Cooking School Resumes

Your resume is your calling card. It is a list of your educational attainments and accomplishments. It is, above all, a marketing document. Its only purpose is to promote YOU and get you a job in your chosen field.

As a cooking school graduate (or soon-to-be graduate), you may not have a lot of experience but you will have some, and you will have a lot of training under your belt. Your resume should refer to classes you have taken, certificates you have earned, and skills you have mastered.

Your resume should be clean, professional-looking, and error-free. It should be no more than two pages. Generally, unless you have had a great deal of experience prior to attending cooking school, it will one be one page long.

It is perfectly appropriate (even desirable) to include personal qualities, hobbies, and activities, so long as they reflect well on you as a person and as a potential employee. For example, if you are a marathon runner, this demonstrates an admirable commitment to your health, as well as a noteworthy level of dedication that likely carries over into every facet of your life. If you volunteer once a week at a soup kitchen, it demonstrates that you are public-spirited and that you wish to share your talents with those who are less fortunate.

Your resume should give a clear indication of what you direction you wish to take professionally. In fact, you should spell it out in a sentence or two about your goals and aspirations. You may not want to say, “I want to be my generation’s Wolfgang Puck.” But you could certainly say that you admire Chef Puck for combining business savvy with commitment to craft, and that this is a model you would like to follow in your own career.

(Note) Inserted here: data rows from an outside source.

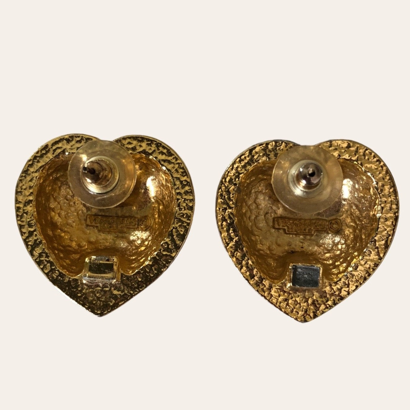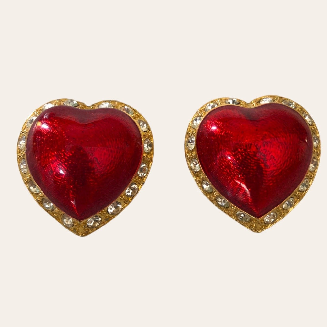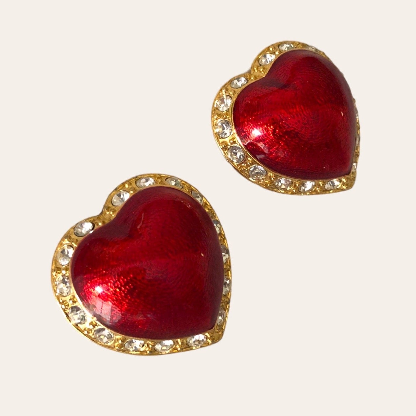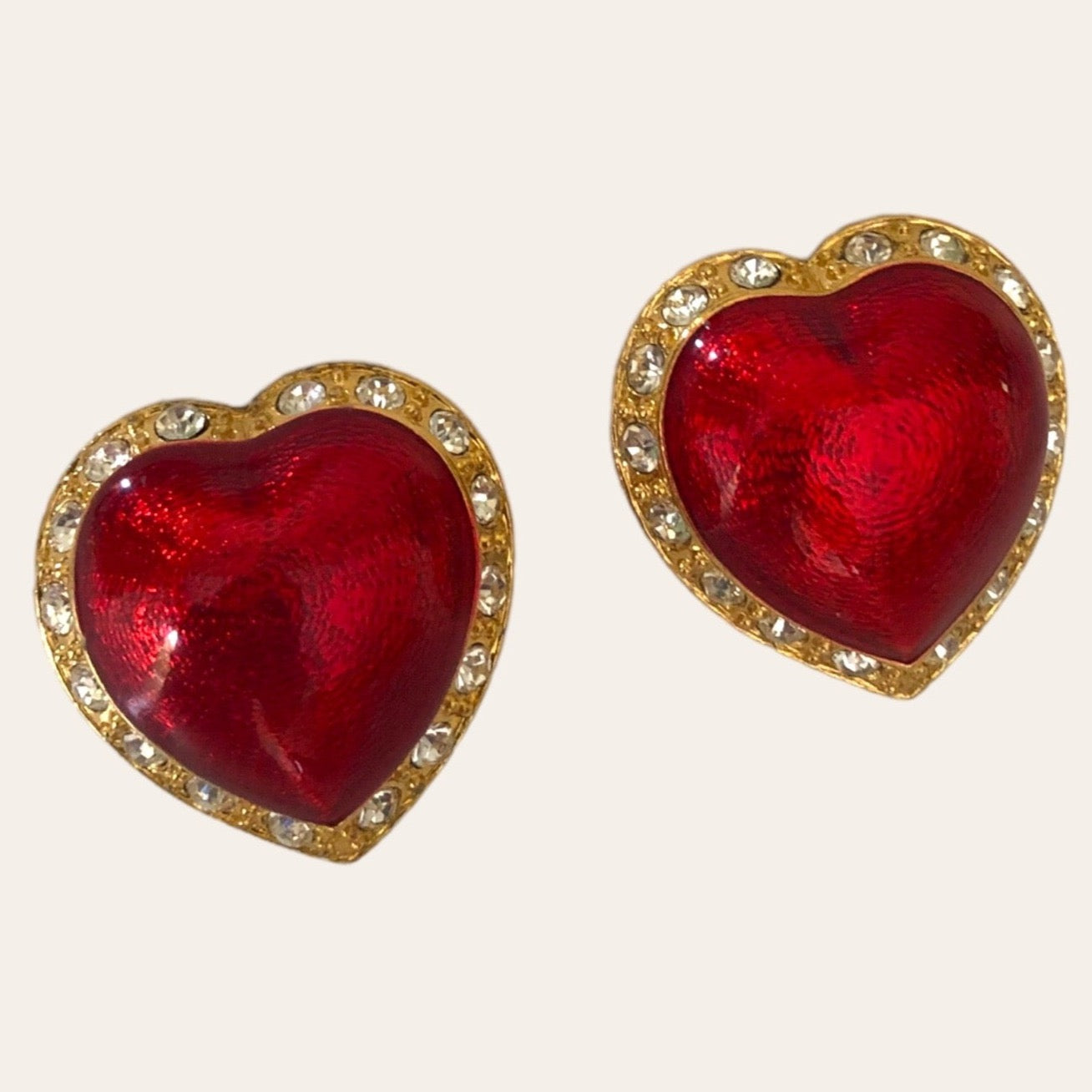 I LOVEEEE Them! They are so cheeky and pretty. Large red glitter bubble heart glam with a halo of pave rhinestones set in gold tone pierced earrings.
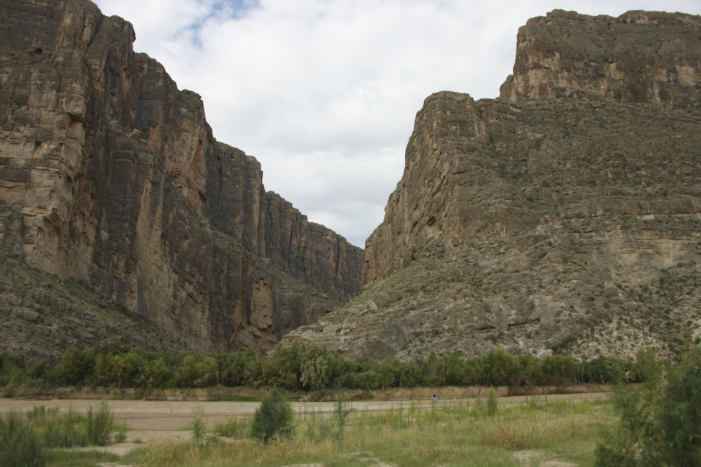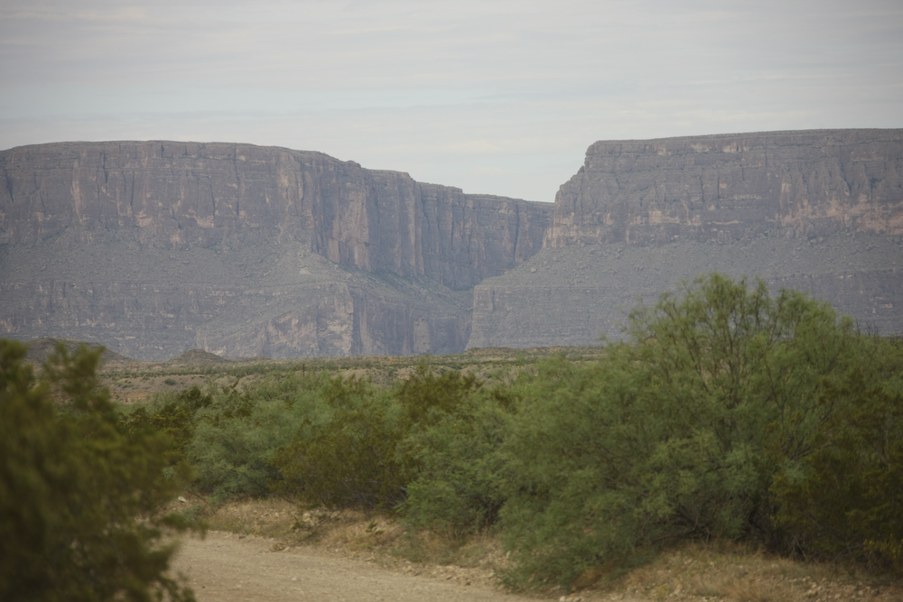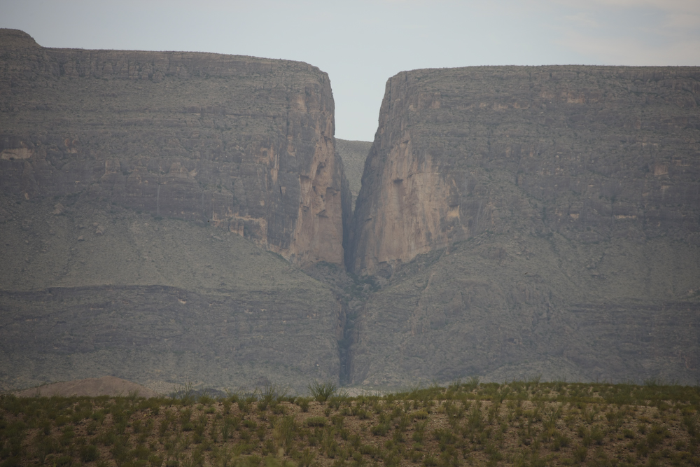 The mouth to Santa Elena canyon. The Rio Grande comes through the slot in the cliff. The river held its course while the uplift occurred allowing the river to cut through the cliff like a knife. Along the base of the cliffs runs Terlingua Creek.
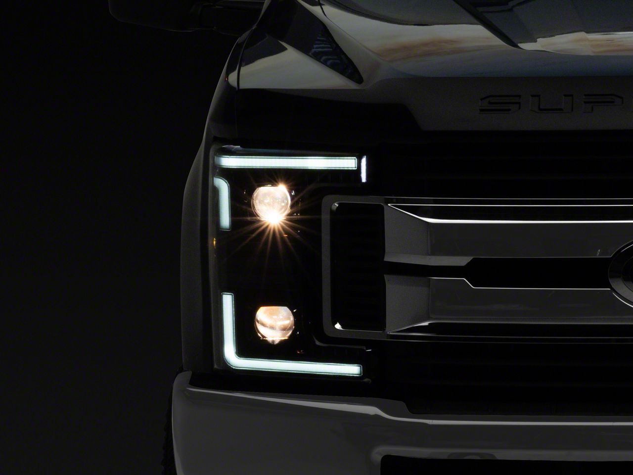 Application. These AlphaRex MK II PRO-Series LED Projector Headlights fit 2017-2019 F-350 Super Duty Models with Factory Halogen Headlights.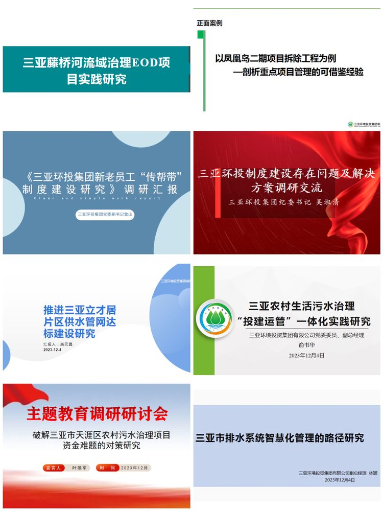 會(huì )上,集團班子領(lǐng)導圍繞各自調研選題結合PPT作詳細介紹和交流研討,聚焦正面典型案例的經(jīng)驗做法和反面典型案例的性質(zhì)、危害、原因、教訓等深化研討交流, 圍繞城鄉供排水、生態(tài)環(huán)境治理、企業(yè)管理提升、項目投融資等領(lǐng)域的8個(gè)調研事項,逐一匯報調研發(fā)現的問(wèn)題、剖析問(wèn)題癥結、提出解決思路,列出整改措施及調研成果轉化運用的計劃和措施等。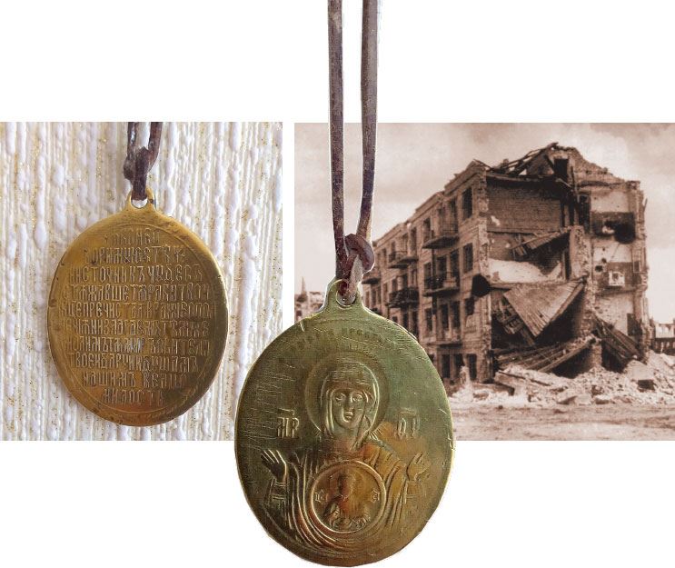 Иван Филиппович, лейтенант Афанасьев, вздохнул: «Взрослые умирают, а это ребе-дома Павлова в дни нок…» Неожиданно лопата коснулась металлического предмета – оказалось, что это иконка Божией Матери «Знамение». Ее положили ко мне в «пеленки» – солдатские портянки. И я стала оживать… Этот медальон до сих пор висит у меня над кроватью.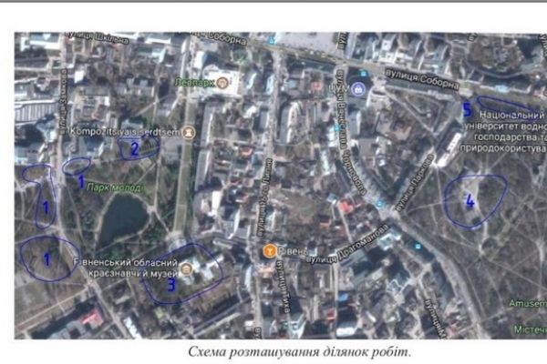 Дослідження проводилися на таких об’єктах: трьох ділянках в Парку молоді, на схід та північний схід від стадіону; ділянці, що прилягає до Рівненської обласної бібліотеки; території навколо Рівненського обласного краєзнавчого музею, території в західній частині Парку Шевченка, в районі проведення археологічних розкопок, території в північно-західній частині Парку Шевченка, що прилягає до вулиці Соборної.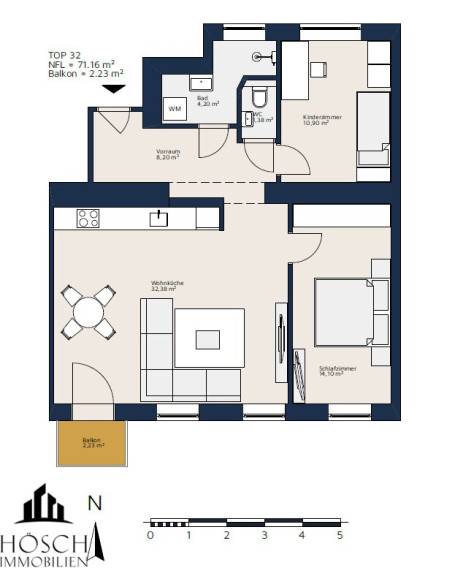 Der offene Wohn-/Essbereich mit integrierter, voll ausgestatteter Küche, bildet das Herzstück der Wohnung und bietet mit seinen ca. 32,38 m² viel Platz für gemütliche Stunden mit Familie und Freunden. Von hier aus gelangt man auf den Balkon, der eine ideale Möglichkeit bietet, den Tag mit einem Kaffee an der frischen Luft zu beginnen oder ausklingen zu lassen.

If you speak more than one language, by all means put that on your resume. Kitchens are little global melting pots these days and many different languages may be spoken among the staff and in the dining room. If you are fluent in Spanish or have studied French or Chinese for several years, these will be valuable assets to your employer and may set you apart from the crowd of applicants.

If you have experience living or traveling overseas, this too may be an asset and should be included. This is especially true if you are applying for a job with a company that has a large global presence, such as a hotel or restaurant chain. They will be much more likely to interview and hire you if you demonstrate that you are an adventurous type, and that it is a goal of yours to live and work abroad.

Update your resume frequently as you gain experience. Your resume should always reflect the changes in your life and show how you are growing professionally and personally. Never lie on a resume, but always put your best self on display there.